Lettre à Alphonse Baudelaire, 6 septembre 1832
Auteur : Baudelaire, Charles
Texte de la lettre
[Lyon] Le 6 [septembre] 1832.
Mon frère,
Qu’as-tu donc, que t’est-il arrivé, es-tu fâché contre moi, es-tu malade ? Voilà deux fois que je t’écris ; tu n’as donc pas reçu ma lettre ? Mais j’ai regardé dans une de tes anciennes lettres et j’y ai trouvé ton adresse. Pour celle que je t’ai écrite il y a quelque temps, croyant que la maison de M. Ducessois était connue à Fontainebleau, j’ai mis sur la lettre chez M. Ducessois. Tu ne m’écris peut-être pas parce que tu ne sais pas où je demeure. Dans ce cas mon adresse est : rue d’Auvergne, numéro 4.
Je suis en vacances, mais c’est comme si je n’y étais pas ; on a eu la détestable idée de me mettre en pension comme le reste de l’année.
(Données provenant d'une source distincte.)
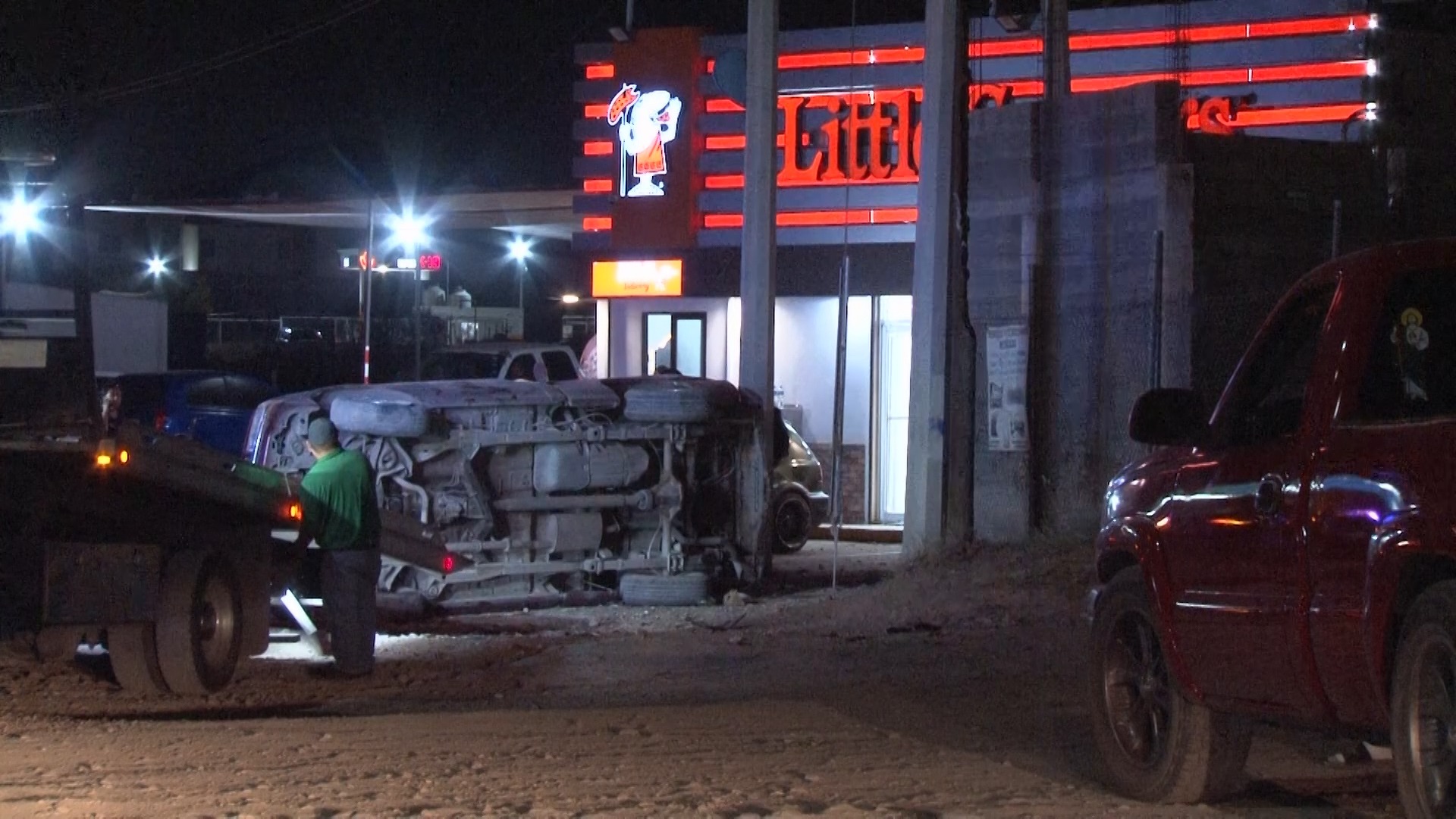 Esto provocó que la unidad volcara sobre su lado derecho, frente a un local de pizzas ubicado en la zona.

Ce qu’il y a de pis, c’est que papa m’avait promis de voyager et qu’il n’a pas le temps.
Dis-moi donc positivement ton adresse à Fontainebleau tant que tu y seras et avertis- moi de ton départ. Je crois que tu demeures place des Fossés. Allons, si tu es fâché de ce que j’aie passé le premier du mois, pardonne-moi et redi mecum in gratia. Réponds. Ecris-moi ce que tu fais, si tu vas beaucoup à la chasse. J’avoue que ma sixième a été bien ébauchée. Car je n’ai eu au collège qu’un accessit. Il est vrai que dans la pension j’ai eu des livres, mais qu’est-ce que c’est qu’un prix dans une petite pension ? Mais je vais entrer tout à fait au Collège en 5e et j’espère que je me ferai remarquer.
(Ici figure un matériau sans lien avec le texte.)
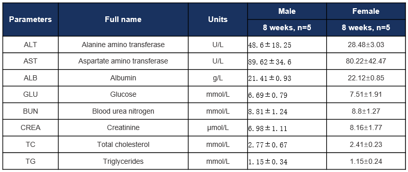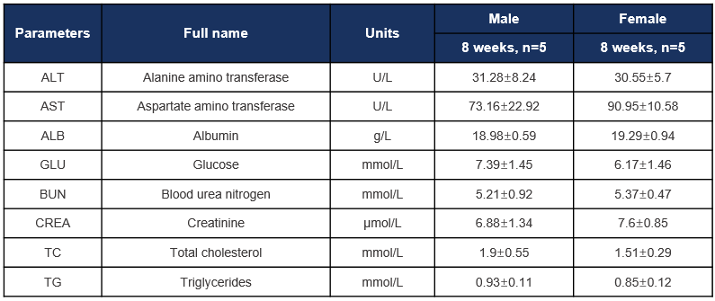 Biochemical test of C57BL/6JNifdc mice. Values are expressed as mean ± SD.

J’ai reçu deux invitations pour la campagne, mais maman a dit qu’elle ne savait guère si nous irions. Dans toutes mes lettres j’ai oublié de te parler de notre société. Nous ne connaissons pas une Lyonnaise ; toutes nos connaissances se bornent au militaire, à l’intendance et à la gendarmerie. Nous avons dans notre société des personnes aimables et quelques femmes charmantes. Je n’ai pas besoin de te les nommer, cela ne t’intéresserait nullement, puisque tu ne les connais pas. J’ai oublié aussi de te parler de notre logement. Il est charmant ; sans exagérer nous avons une vue des plus belles de Lyon. Tu ne peux pas te figurer comme c’est beau, comme c’est magnifique, comme c’est beau (sic), comme ce coteau est riche, comme il est vert.
Allons, réponds-moi. Adieu. Je t’embrasse de tout mon cœur ainsi que toute la famille.
Ton cadet.
CHARLES.
Maman et papa me chargent de les rappeler à ton souvenir.